IMGW ostrzega przed nadchodzącym do nas mroźnym arktycznym powietrzem. Temperatura może spaść do nawet -18 stopni. W takich warunkach bardzo zagrożone mogą być oziminy!
Jak podaje Instytut Meteorologii i Gospodarki Wodnej w swoim komunikacie, największe mrozy są przewidywane od dzisiaj - 23 lutego, aż do poniedziałku 26 lutego - Najniższa temperatura minimalna będzie na północnym wschodzie i w kotlinach górskich: -18°C, -15°C, najwyższa na zachodzie: -7°C, -5°C. Temperatura maksymalna odpowiednio od -11°C, -8°C do 0°C w sobotę, a w pozostałych dniach do -4°C, -2°C. W sobotę i niedzielę, zwłaszcza na północy kraju, prognozowany jest wzrost prędkości wiatru, który będzie potęgował odczucie chłodu – czytamy na stronie IMGW.
W takich warunkach bardzo narażone będą oziminy. Potwierdza to w rozmowie z nami dr Agnieszka Krawczyk z Opolskiego Ośrodka Doradztwa Rolniczego – Jeśli wysokie mrozy utrzymają się przez parę dni, a na polach nie będzie okrywy śnieżnej to może dojść do znacznych szkód. Nie można jednak wprowadzać zbytniej paniki, ponieważ jeśli rośliny będą miały choć najmniejszą ochronę śnieżną, a wiatr nie będzie tak silny, to szkód może nie być w ogóle. Trudno w tym momencie dobrze określić. Dopiero jak mrozy ustąpią i ruszy wegetacja, będziemy mogli mówić o przezimowaniu roślin.
Warunki „sprzyjają” wymarznięciom
Kondycja roślin będzie zależeć od bardzo wielu czynników – Do wymarznięć może dojść zwłaszcza na polach na których jest dużo wody. Sytuacja taka występuje m. in w Wielkopolsce. Gdy pola są pozalewane, może dojść do wyprzenia.
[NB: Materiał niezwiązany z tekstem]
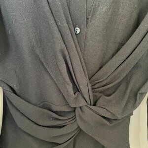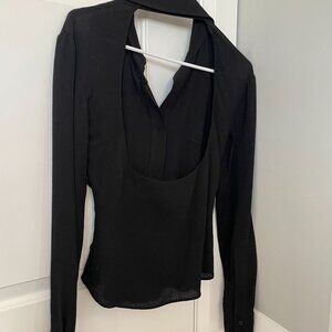 Black button-down shirt with criss-cross detailing in front. Open back.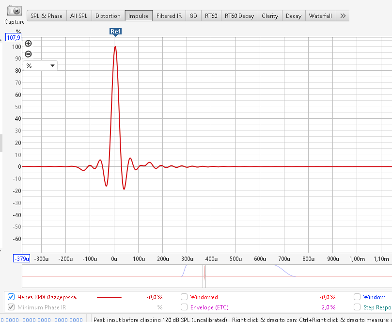 Спасибо за советы,я пересниму для англоговорящей аудитории,там я учту момент с кроссовером и наверно обойдусь без эквализации нч динамика,у меня единственный вариант найти более менее правильную задержку по времени,это несколько раз измерить нч и вч динамик 0-24khz потом оставить измерения которые максимально совпадают и выставить таким образом задержку,идеально конечно не получился это сделать,но идеального в мире ничего нет.uriy писал(а): 10 дек 2024, 00:36 То что вы находитесь во вкладке импульс, ещё не означает что вы на картинке видите именно импульсную характеристику.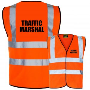 Traffic Marshal Pre Printed Orange Hi Vis Safety Vest / Waistcoat EN ISO 20471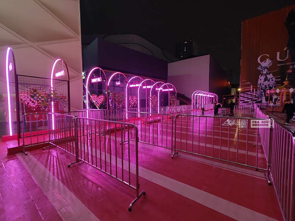 鄭州鐵馬護(hù)欄租賃公司來到SKP外圍廣場做布置。就在不久前的情人節(jié),鄭州鐵馬護(hù)欄租賃公司接到了一項(xiàng)重要任務(wù)——為SKP外圍廣場進(jìn)行精心布置。SKP作為購物中心,這次的情人節(jié)活動備受關(guān)注,而此次外圍廣場的布置更是意義非凡,旨在為顧客提供一個(gè)安全、有序且充滿美感的購物環(huán)境。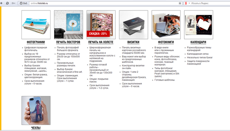 Итак, что касается самого интерфейса,то тут все достаточно просто. Перед нами открывается сразу 7 вариантов. Это печать фото, постера, календаря, визитки, фотокниги, холста и печать на чехле. Не так уж и много.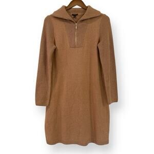 Talbots Zip Collar Sweater Dress Tweed Tan Womens Petite Small SP Cotton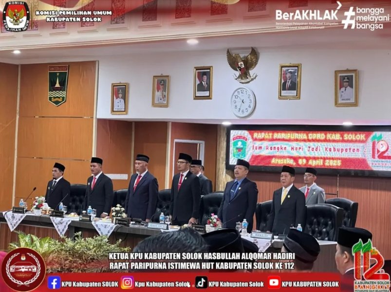 #TemanPemilih, Ketua KPU Kabupaten Solok Hasbullah Alqomar menghadiri Rapat Paripurna Istimewa DPRD Kabupaten Solok dalam rangka Hari Ulang Tahun Kabupaten Solok yang ke 112, Rabu 09 april 2025 bertempat di ruang rapat DPRD, Arosuka.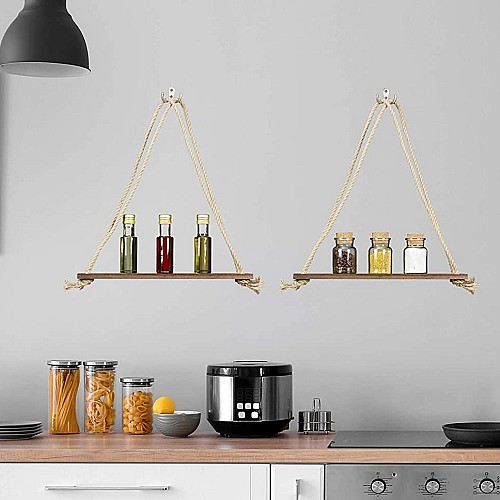 Etagere murale suspendue en bois Naturelle avec corde de jute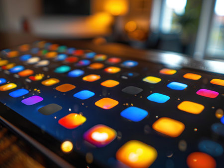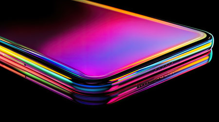 Close-up of a blank smartphone screen with colorful reflections, against a shiny black background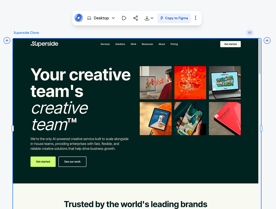 Once cloned, you can export the design to Figma or get production-ready code in React, HTML/CSS.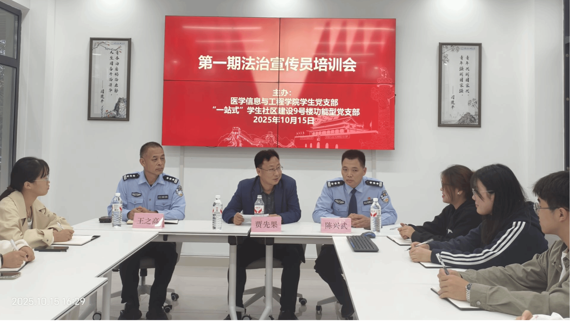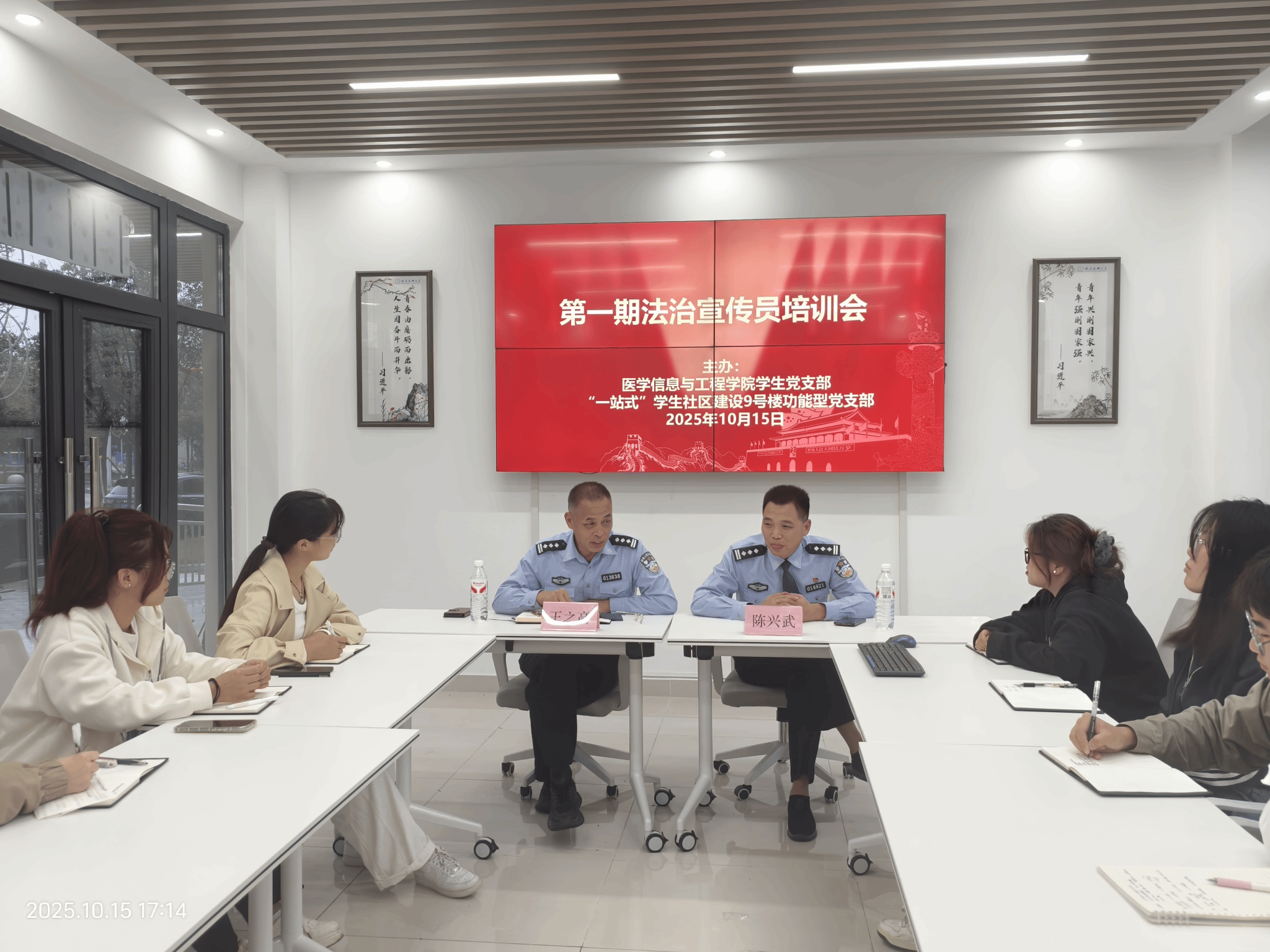 10月15日,医学信息与工程学院学生党支部联合学生公寓9号楼功能型党支部在“一站式”学生社区综合活动室举办第一期法治宣传员培训活动。学院党委副书记贾先果、法治导师陈兴武、法治辅导员王之高、辅导员王俊及首批法治宣传员参加了此次活动。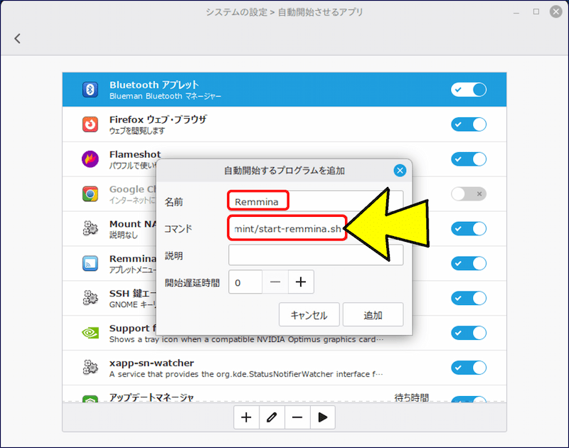 「自動開始させるアプリ」に Remmina が追加される。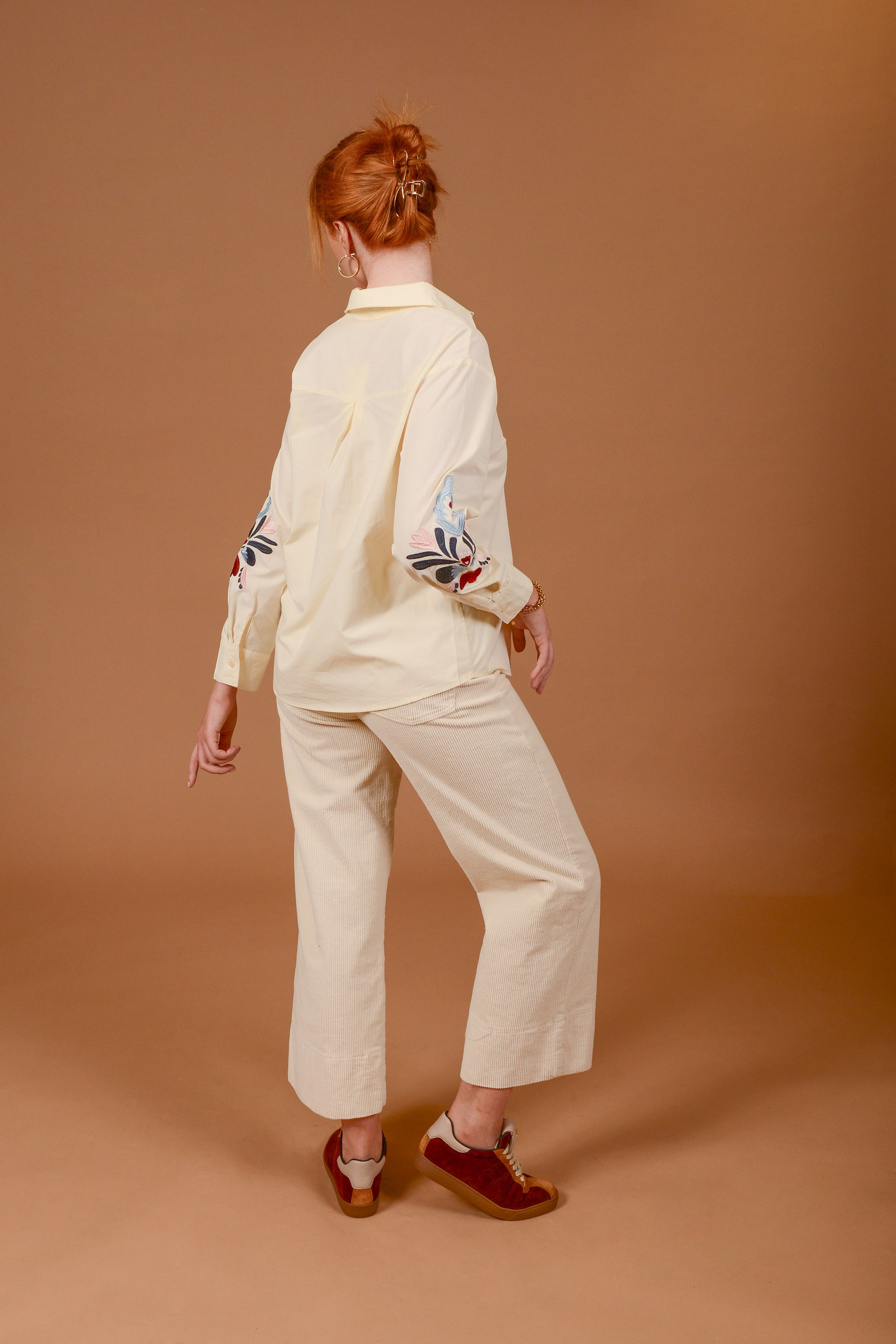 Embroidered Sleeve Cotton Shirt – Cream - Charli

Ryzyko jest bardzo duże, jednak do czasu kiedy to się nie zdarzy, dopóki po tym jak mrozy nastąpią, bądź nie nastąpią i nie pójdziemy na pole ocenić tego jak wyglądają plantacje już po ruszeniu wegetacji, to nie możemy wiele powiedzieć, możemy tylko snuć przypuszczenia – dodaje Agnieszka Krawczyk.
Bardziej zagrożony wschód kraju
Na pewno dużo bardziej zagrożone są wschodnie województwa. Tam rozbudował się wyż, który niesie arktyczne powietrze. Na zachodzie, klimat jest łagodniejszy i to też inaczej może wyglądać. Pozostaje nam czekać. I tak w tym momencie nie możemy nic zrobić. Musimy uzbroić się w cierpliwość i być dobrej myśli, że pogoda będzie łaskawa i oszczędzi nasze uprawy – kończy ekspertka Opolskiego ODR-u.